#### TASK TO COMPLETE:
Reproduce all of the data word for word.

#### INFORMATION SUPPLIED:
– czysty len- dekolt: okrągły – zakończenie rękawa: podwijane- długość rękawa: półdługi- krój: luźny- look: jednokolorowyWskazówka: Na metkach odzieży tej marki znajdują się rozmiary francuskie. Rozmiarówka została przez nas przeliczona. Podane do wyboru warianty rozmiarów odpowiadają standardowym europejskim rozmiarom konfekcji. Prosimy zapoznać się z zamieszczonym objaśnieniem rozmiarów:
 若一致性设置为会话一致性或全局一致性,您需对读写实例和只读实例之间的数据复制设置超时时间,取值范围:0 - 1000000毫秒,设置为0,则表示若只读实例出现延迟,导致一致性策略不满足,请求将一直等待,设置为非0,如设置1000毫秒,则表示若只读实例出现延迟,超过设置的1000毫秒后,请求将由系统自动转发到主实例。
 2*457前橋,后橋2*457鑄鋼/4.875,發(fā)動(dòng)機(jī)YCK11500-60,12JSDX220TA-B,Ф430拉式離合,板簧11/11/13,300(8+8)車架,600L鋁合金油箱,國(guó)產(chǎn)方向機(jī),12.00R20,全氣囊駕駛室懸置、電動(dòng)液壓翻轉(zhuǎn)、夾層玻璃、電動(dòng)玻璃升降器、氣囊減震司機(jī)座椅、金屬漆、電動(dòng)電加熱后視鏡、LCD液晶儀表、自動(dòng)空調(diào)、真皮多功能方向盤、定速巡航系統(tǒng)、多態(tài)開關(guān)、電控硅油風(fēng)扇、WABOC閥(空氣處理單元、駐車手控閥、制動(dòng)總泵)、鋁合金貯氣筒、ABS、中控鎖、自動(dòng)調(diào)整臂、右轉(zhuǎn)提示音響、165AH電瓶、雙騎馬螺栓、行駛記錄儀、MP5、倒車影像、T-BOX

#### ANSWER SECTION:
– czysty len- dekolt: okrągły – zakończenie rękawa: podwijane- długość rękawa: półdługi- krój: luźny- look: jednokolorowyWskazówka: Na metkach odzieży tej marki znajdują się rozmiary francuskie. Rozmiarówka została przez nas przeliczona. Podane do wyboru warianty rozmiarów odpowiadają standardowym europejskim rozmiarom konfekcji. Prosimy zapoznać się z zamieszczonym objaśnieniem rozmiarów:
 若一致性设置为会话一致性或全局一致性,您需对读写实例和只读实例之间的数据复制设置超时时间,取值范围:0 - 1000000毫秒,设置为0,则表示若只读实例出现延迟,导致一致性策略不满足,请求将一直等待,设置为非0,如设置1000毫秒,则表示若只读实例出现延迟,超过设置的1000毫秒后,请求将由系统自动转发到主实例。
 2*457前橋,后橋2*457鑄鋼/4.875,發(fā)動(dòng)機(jī)YCK11500-60,12JSDX220TA-B,Ф430拉式離合,板簧11/11/13,300(8+8)車架,600L鋁合金油箱,國(guó)產(chǎn)方向機(jī),12.00R20,全氣囊駕駛室懸置、電動(dòng)液壓翻轉(zhuǎn)、夾層玻璃、電動(dòng)玻璃升降器、氣囊減震司機(jī)座椅、金屬漆、電動(dòng)電加熱后視鏡、LCD液晶儀表、自動(dòng)空調(diào)、真皮多功能方向盤、定速巡航系統(tǒng)、多態(tài)開關(guān)、電控硅油風(fēng)扇、WABOC閥(空氣處理單元、駐車手控閥、制動(dòng)總泵)、鋁合金貯氣筒、ABS、中控鎖、自動(dòng)調(diào)整臂、右轉(zhuǎn)提示音響、165AH電瓶、雙騎馬螺栓、行駛記錄儀、MP5、倒車影像、T-BOX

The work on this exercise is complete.